Virtual threads promise the best of both worlds: the simplicity of blocking code with the scalability of reactive systems.

What Are Virtual Threads?

Virtual threads are lightweight threads managed by the JVM rather than the operating system. They are instances of java.lang.Thread that run on top of platform threads (called "carrier threads") but don't monopolize them during blocking operations.

Key characteristics

• Cheap to create: Virtual threads consume only a few hundred bytes initially, growing as needed.
• Cheap to block: When a virtual thread blocks, it releases its carrier thread for other work.
• Familiar API: They implement java.lang.Thread, so existing code works with minimal changes.
• Debuggable: Full stack traces, standard debugger support, and JFR (Java Flight Recorder) integration.

Project Loom Timeline and History

Project Loom has been in development for over a decade.
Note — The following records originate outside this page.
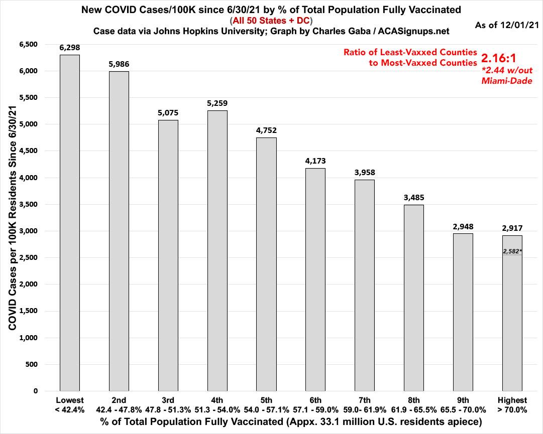 As you can see, case rates since June are 2.16x higher in the least-vaccinated tenth of the country than in the most-vaccinated tenth...slightly lower than a few weeks ago.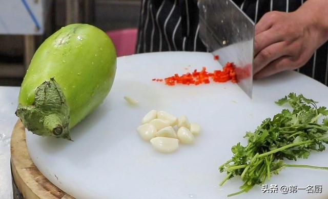 1.准备青茄子一个,洗净后备用,青椒半个去瓤,切成小粒,红椒半个去瓤也切成粒,香菜一小把切成小段,用刀把茄子从中间切开,分成两半备用。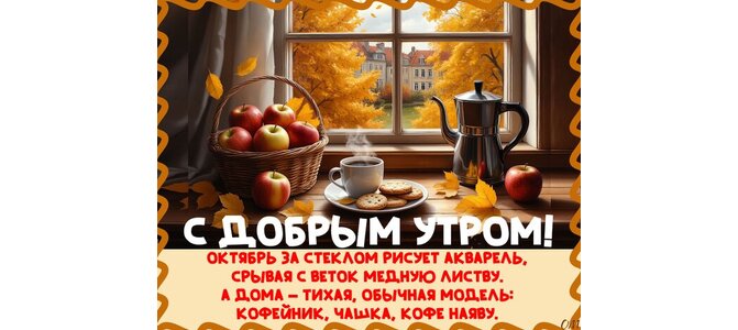 Теги:день, добро, доброго дня, доброго утра, кофе, окрябрь, ольга марк, пожелание, радость, с добрым утром, с новым днём, удачного дня, улыбнись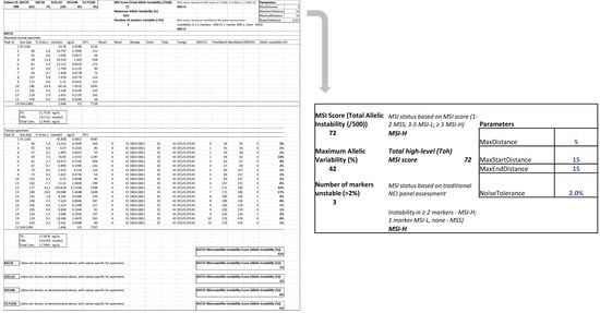 Automatic computation methods for MSI status determination based on allelic instability using both a traditional assessment of NCI panel (0/1/≥2 markers unstable corresponding to MSS/MSI-L and MSI-H respectively) and an MSI scoring system (total allelic variability 1–2/3–5/>5 corresponding to MSS/MSI-L and MSI-H). This tumour specimen was considered MSI-H with a Total high-level (Toh) MSI score of 72.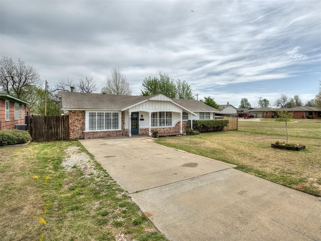 Sitting on a generous lot, this property gives you the kind of space that is getting harder to find, both inside and out. Recently refreshed with a freshly painted white exterior, this brick home now offers a clean, modern look that feels bright and welcoming from the moment you arrive. The covered front porch creates a warm first impression and a perfect place to start your mornings with coffee or unwind in the evenings. Inside, fresh interior paint and updated finishes create a clean and inviting feel throughout the home.The main living area features a custom built entertainment center with backlighting that adds a unique focal point and gives the space a warm, modern feel. The kitchen offers both charm and function, highlighted by a distinctive hammered copper sink that adds character you do not see every day. This home offers 3 bedrooms and now 2 full bathrooms, including a newly added full bathroom featuring a beautifully tiled walk in shower, custom vanity, and modern finishes that bring both comfort and style. One of the standout features of this home is the converted garage, now serving as a spacious second living area with exposed wood beams and a wood burning fireplace that adds warmth and personality. The west facing window allows natural afternoon light to fill the space, making it a comfortable place to gather, relax, or entertain.Step outside and the possibilities continue. The large concrete patio provides plenty of space for outdoor seating, grilling, and gatherings. An in ground storm shelter offers peace of mind during Oklahoma weather. The backyard also features gated rear access with covered parking, making it easy to store trailers, equipment, or additional vehicles securely behind the fence. The 18 by 24 metal shop is a true highlight, offering valuable space for tools, hobbies, projects, or storage. The backyard also includes room for fun, with an existing playground area.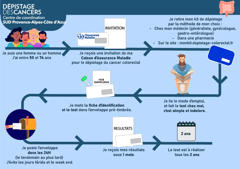 Vous pouvez obtenir le kit de dépistage du cancer colorectal, à réaliser chez soi :
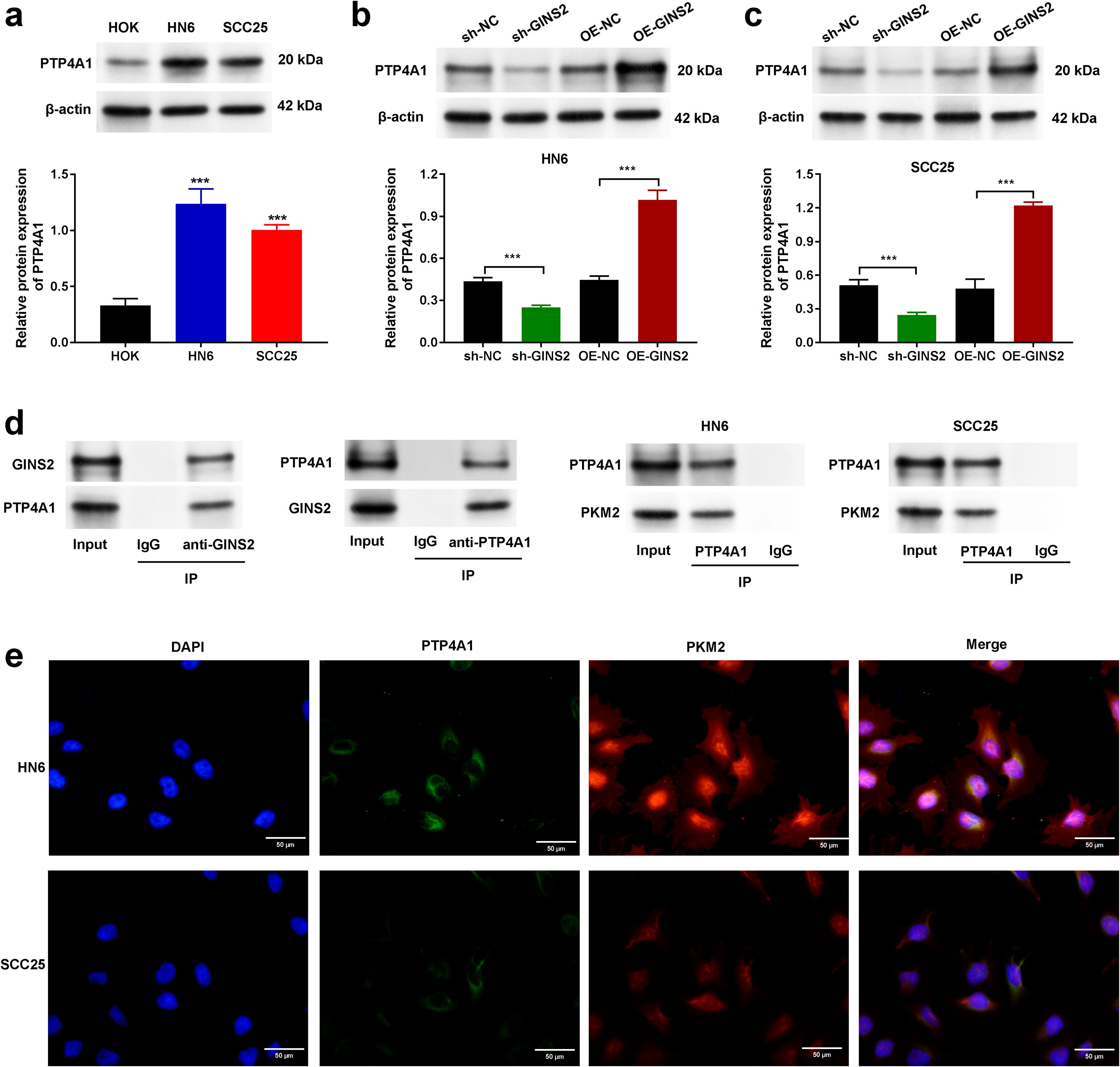 Figure 3. GINS2 interacts with PTP4A1 and regulates its expression, and PTP4A1 interacts with PKM2 in OSCC cells. (a) Western blot analysis showing baseline protein expression of PTP4A1 in normal human oral keratinocytes (HOK) and OSCC cell lines HN6 and SCC25. β-actin served as the loading control. Bar graph shows quantification relative to HOK. (b, c) Western blot analysis (top) and quantification (bottom) demonstrating the effect of GINS2 knockdown (sh-GINS2) or overexpression (OE-GINS2) on PTP4A1 protein levels in HN6 (b) and SCC25 (c) cells, compared to respective controls (sh-NC, OE-NC). β-actin served as the loading control. (d) Co-immunoprecipitation (Co-IP) assays. Left panels: Interaction between endogenous GINS2 and PTP4A1 in HN6 cells. IP with anti-GINS2 pulls down PTP4A1, and IP with anti-PTP4A1 pulls down GINS2. Right panels: Interaction between endogenous PTP4A1 and PKM2 in HN6 and SCC25 cells. IP with anti-PTP4A1 pulls down PKM2. Control IgG IPs and input lysates are shown. (e) Immunofluorescence staining showing co-localization of PTP4A1 (green) and PKM2 (red) in HN6 and SCC25 cells. Nuclei are stained with DAPI (blue). Scale bar = 20 µm. Data in bar graphs are presented as mean ± SD. ***P < 0.001.

Here's the journey from concept to production-ready feature:

The extended development period allowed the team to refine the API, optimize performance, and ensure backward compatibility with existing Java code.

Creating Virtual Threads

There are four main ways to create virtual threads in Java 21. Let's explore each approach with practical examples.

Method 1: Thread.startVirtualThread()

The following code snippet shows the simplest way to start a virtual thread:

public class StartVirtualThread {
    public static void main(String[] args) throws InterruptedException {
        Thread vt = Thread.startVirtualThread(() -> {
            System.out.println("Running in: " + Thread.currentThread());
            System.out.println("Is virtual: " + Thread.currentThread().isVirtual());
        });
        vt.join();
    }
}

This method immediately starts the virtual thread and returns a Thread object.
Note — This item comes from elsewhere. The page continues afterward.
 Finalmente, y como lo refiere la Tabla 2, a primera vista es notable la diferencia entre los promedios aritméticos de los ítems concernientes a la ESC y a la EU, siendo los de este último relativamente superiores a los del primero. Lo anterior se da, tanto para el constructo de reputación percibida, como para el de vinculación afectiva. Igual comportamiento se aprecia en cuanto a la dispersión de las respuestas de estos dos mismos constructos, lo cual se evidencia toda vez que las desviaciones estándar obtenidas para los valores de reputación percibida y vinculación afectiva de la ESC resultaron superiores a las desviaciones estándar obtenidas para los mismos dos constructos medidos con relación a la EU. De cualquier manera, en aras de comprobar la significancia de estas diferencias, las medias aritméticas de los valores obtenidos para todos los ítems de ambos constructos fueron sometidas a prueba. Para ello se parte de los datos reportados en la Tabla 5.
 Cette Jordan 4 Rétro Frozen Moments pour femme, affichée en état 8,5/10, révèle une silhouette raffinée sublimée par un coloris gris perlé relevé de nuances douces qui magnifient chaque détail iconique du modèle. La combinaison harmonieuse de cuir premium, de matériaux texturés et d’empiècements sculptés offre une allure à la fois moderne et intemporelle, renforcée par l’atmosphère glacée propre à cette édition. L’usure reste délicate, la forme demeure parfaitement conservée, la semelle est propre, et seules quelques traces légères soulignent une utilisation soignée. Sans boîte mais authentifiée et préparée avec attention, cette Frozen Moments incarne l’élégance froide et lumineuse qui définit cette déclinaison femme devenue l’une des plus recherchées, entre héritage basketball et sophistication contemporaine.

Method 2: Thread.ofVirtual().start()

The following code snippet shows how to use the builder pattern for more control over thread configuration:

public class OfVirtualStart {
    public static void main(String[] args) throws InterruptedException {
        Thread vt = Thread.ofVirtual()
            .name("my-virtual-thread")
            .start(() -> {
                System.out.println("Thread name: " + Thread.currentThread().getName());
                simulateWork();
            });
        vt.join();
    }

    private static void simulateWork() {
        try {
            Thread.sleep(100);
        } catch (InterruptedException e) {
            Thread.currentThread().interrupt();
        }
    }
}

The builder pattern allows you to set the thread name, uncaught exception handler, and other properties.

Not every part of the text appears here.